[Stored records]
┏━━
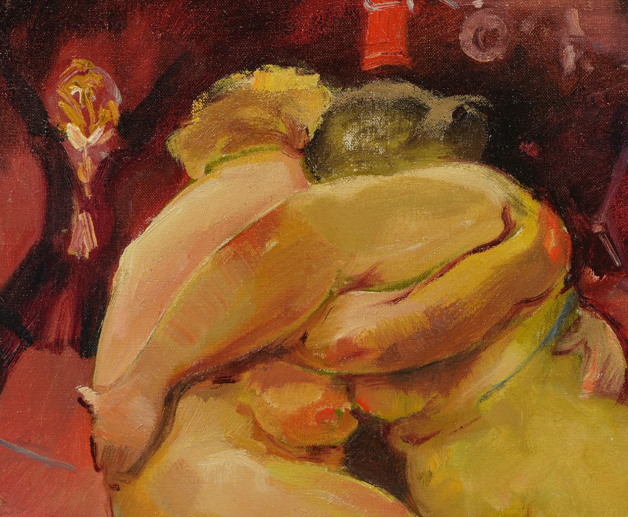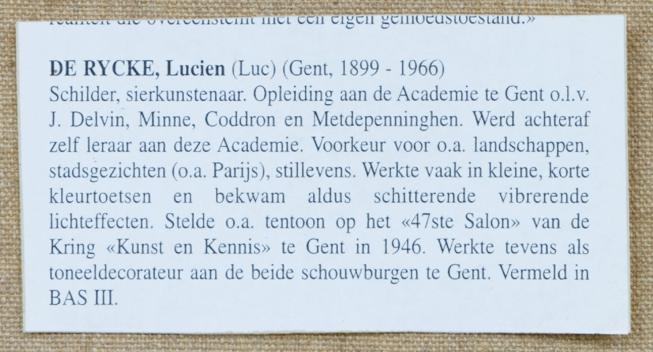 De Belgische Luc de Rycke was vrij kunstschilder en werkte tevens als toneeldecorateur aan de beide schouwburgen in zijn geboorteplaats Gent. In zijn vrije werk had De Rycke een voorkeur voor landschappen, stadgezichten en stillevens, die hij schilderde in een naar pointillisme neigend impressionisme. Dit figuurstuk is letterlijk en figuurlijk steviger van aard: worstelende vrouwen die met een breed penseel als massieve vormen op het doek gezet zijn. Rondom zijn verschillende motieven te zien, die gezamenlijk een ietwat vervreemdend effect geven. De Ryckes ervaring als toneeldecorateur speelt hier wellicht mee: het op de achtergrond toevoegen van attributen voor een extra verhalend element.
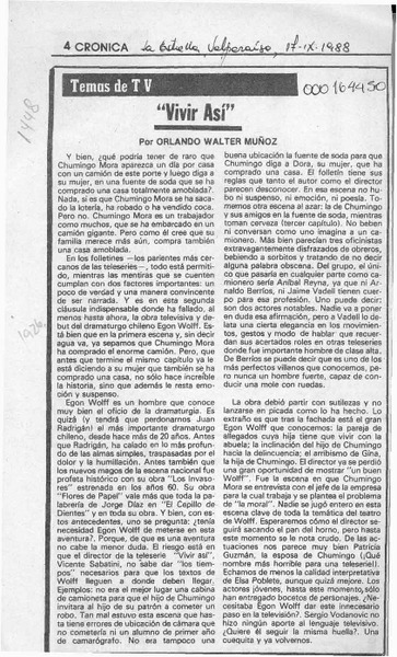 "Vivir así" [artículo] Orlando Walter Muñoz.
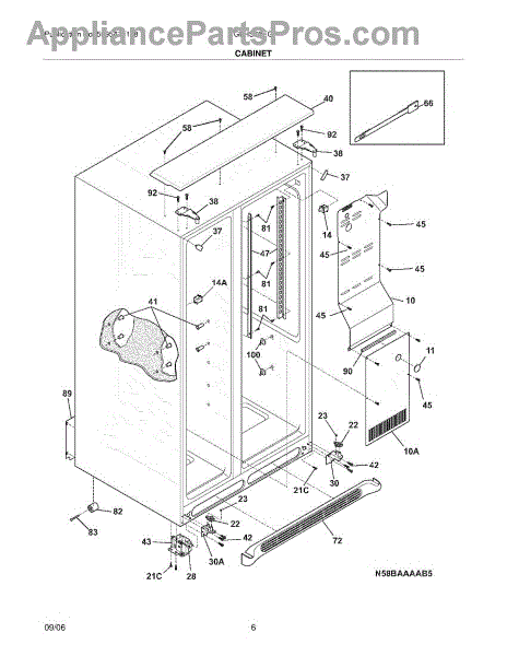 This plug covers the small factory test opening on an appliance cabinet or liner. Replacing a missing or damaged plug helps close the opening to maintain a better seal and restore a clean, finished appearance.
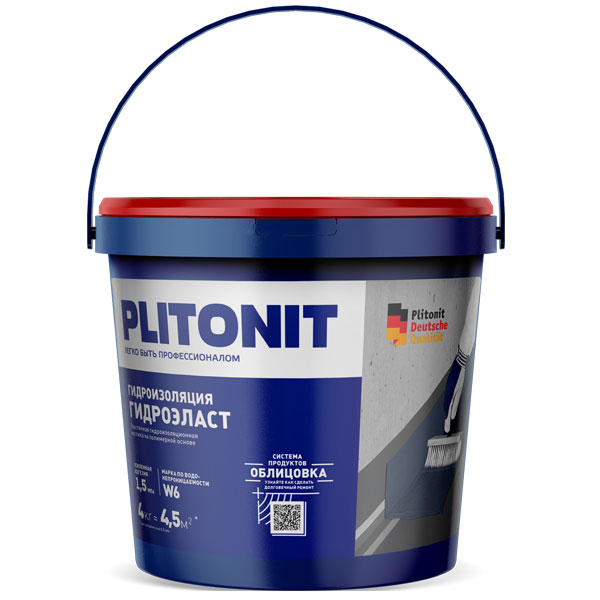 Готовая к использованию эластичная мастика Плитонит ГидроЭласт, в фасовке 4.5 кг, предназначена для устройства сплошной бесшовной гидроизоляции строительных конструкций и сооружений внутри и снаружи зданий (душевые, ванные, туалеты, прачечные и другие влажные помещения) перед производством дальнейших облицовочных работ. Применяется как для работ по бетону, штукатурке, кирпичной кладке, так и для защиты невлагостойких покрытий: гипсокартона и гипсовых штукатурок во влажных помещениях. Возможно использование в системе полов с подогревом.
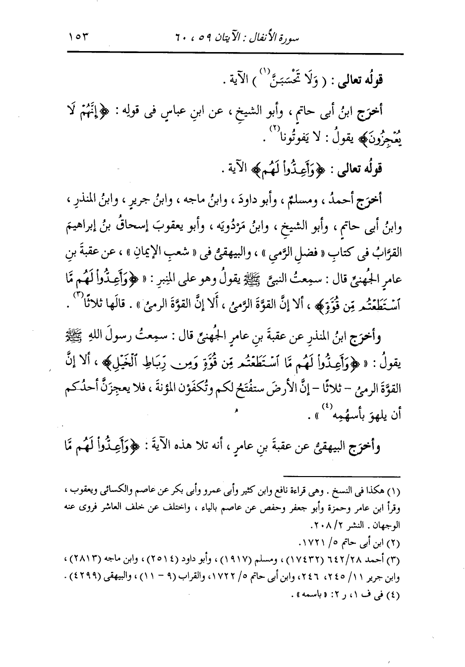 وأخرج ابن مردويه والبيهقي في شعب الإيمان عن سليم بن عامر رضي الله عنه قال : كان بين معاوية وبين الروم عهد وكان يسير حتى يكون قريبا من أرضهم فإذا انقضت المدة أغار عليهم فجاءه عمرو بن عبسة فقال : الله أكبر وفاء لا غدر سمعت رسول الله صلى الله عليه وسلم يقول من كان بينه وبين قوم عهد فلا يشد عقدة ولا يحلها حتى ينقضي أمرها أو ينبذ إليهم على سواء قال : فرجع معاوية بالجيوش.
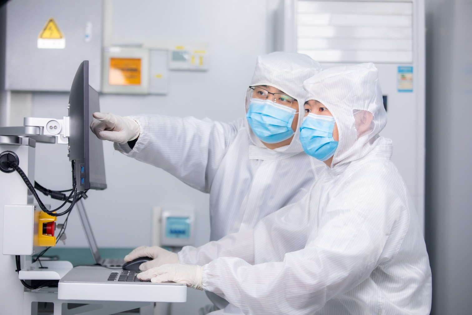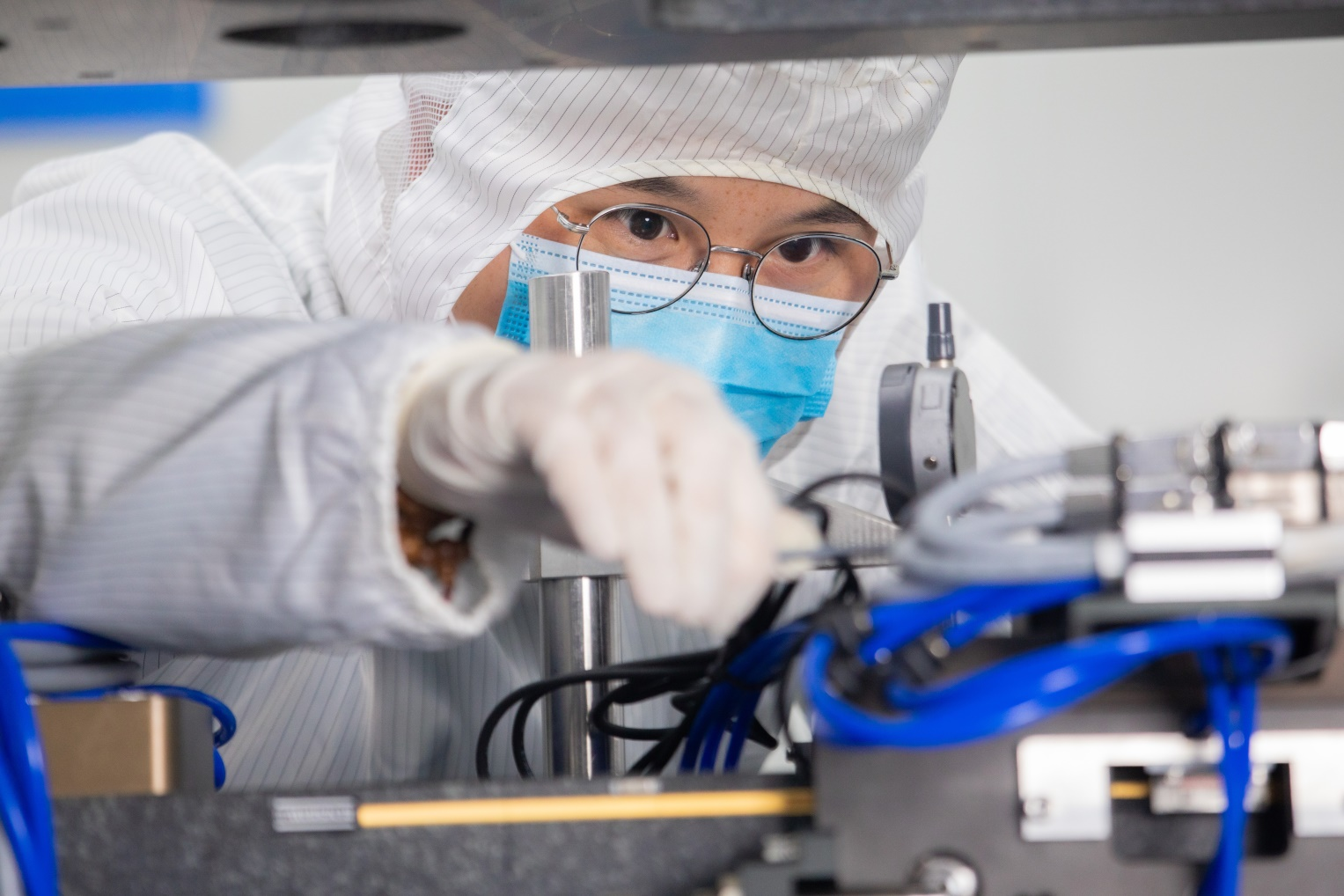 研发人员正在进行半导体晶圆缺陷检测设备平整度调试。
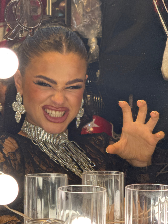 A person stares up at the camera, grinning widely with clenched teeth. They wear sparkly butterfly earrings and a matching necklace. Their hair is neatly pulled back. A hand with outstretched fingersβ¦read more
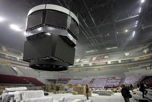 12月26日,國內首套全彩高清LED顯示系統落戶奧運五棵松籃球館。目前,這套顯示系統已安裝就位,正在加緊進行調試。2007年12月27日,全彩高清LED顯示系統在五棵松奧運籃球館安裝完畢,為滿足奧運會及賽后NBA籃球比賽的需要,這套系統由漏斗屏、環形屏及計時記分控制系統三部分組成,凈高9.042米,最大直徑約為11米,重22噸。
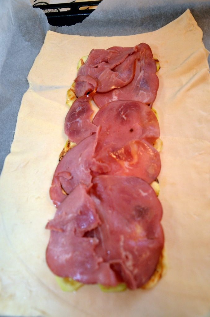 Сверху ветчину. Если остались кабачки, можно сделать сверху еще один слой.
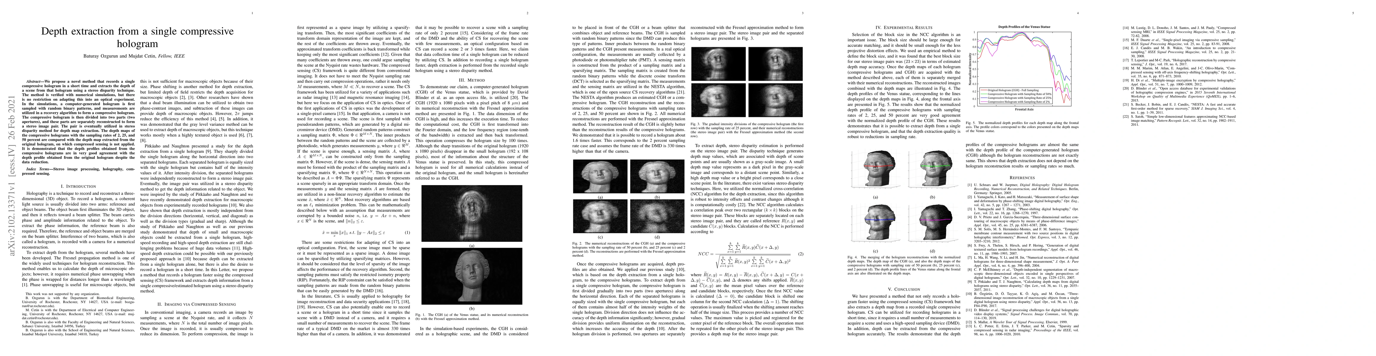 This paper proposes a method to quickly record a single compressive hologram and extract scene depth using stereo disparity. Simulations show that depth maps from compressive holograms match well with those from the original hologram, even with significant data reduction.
┗━━
## Required action
Would you please print the entries once more, word for word, minus the pictures?

## Task output
 De Belgische Luc de Rycke was vrij kunstschilder en werkte tevens als toneeldecorateur aan de beide schouwburgen in zijn geboorteplaats Gent. In zijn vrije werk had De Rycke een voorkeur voor landschappen, stadgezichten en stillevens, die hij schilderde in een naar pointillisme neigend impressionisme. Dit figuurstuk is letterlijk en figuurlijk steviger van aard: worstelende vrouwen die met een breed penseel als massieve vormen op het doek gezet zijn. Rondom zijn verschillende motieven te zien, die gezamenlijk een ietwat vervreemdend effect geven. De Ryckes ervaring als toneeldecorateur speelt hier wellicht mee: het op de achtergrond toevoegen van attributen voor een extra verhalend element.
 "Vivir así" [artículo] Orlando Walter Muñoz.
 This plug covers the small factory test opening on an appliance cabinet or liner. Replacing a missing or damaged plug helps close the opening to maintain a better seal and restore a clean, finished appearance.
 Готовая к использованию эластичная мастика Плитонит ГидроЭласт, в фасовке 4.5 кг, предназначена для устройства сплошной бесшовной гидроизоляции строительных конструкций и сооружений внутри и снаружи зданий (душевые, ванные, туалеты, прачечные и другие влажные помещения) перед производством дальнейших облицовочных работ. Применяется как для работ по бетону, штукатурке, кирпичной кладке, так и для защиты невлагостойких покрытий: гипсокартона и гипсовых штукатурок во влажных помещениях. Возможно использование в системе полов с подогревом.
 وأخرج ابن مردويه والبيهقي في شعب الإيمان عن سليم بن عامر رضي الله عنه قال : كان بين معاوية وبين الروم عهد وكان يسير حتى يكون قريبا من أرضهم فإذا انقضت المدة أغار عليهم فجاءه عمرو بن عبسة فقال : الله أكبر وفاء لا غدر سمعت رسول الله صلى الله عليه وسلم يقول من كان بينه وبين قوم عهد فلا يشد عقدة ولا يحلها حتى ينقضي أمرها أو ينبذ إليهم على سواء قال : فرجع معاوية بالجيوش.
 研发人员正在进行半导体晶圆缺陷检测设备平整度调试。
 A person stares up at the camera, grinning widely with clenched teeth. They wear sparkly butterfly earrings and a matching necklace. Their hair is neatly pulled back. A hand with outstretched fingersβ¦read more
 12月26日,國內首套全彩高清LED顯示系統落戶奧運五棵松籃球館。目前,這套顯示系統已安裝就位,正在加緊進行調試。2007年12月27日,全彩高清LED顯示系統在五棵松奧運籃球館安裝完畢,為滿足奧運會及賽后NBA籃球比賽的需要,這套系統由漏斗屏、環形屏及計時記分控制系統三部分組成,凈高9.042米,最大直徑約為11米,重22噸。
 Сверху ветчину. Если остались кабачки, можно сделать сверху еще один слой.
 This paper proposes a method to quickly record a single compressive hologram and extract scene depth using stereo disparity. Simulations show that depth maps from compressive holograms match well with those from the original hologram, even with significant data reduction.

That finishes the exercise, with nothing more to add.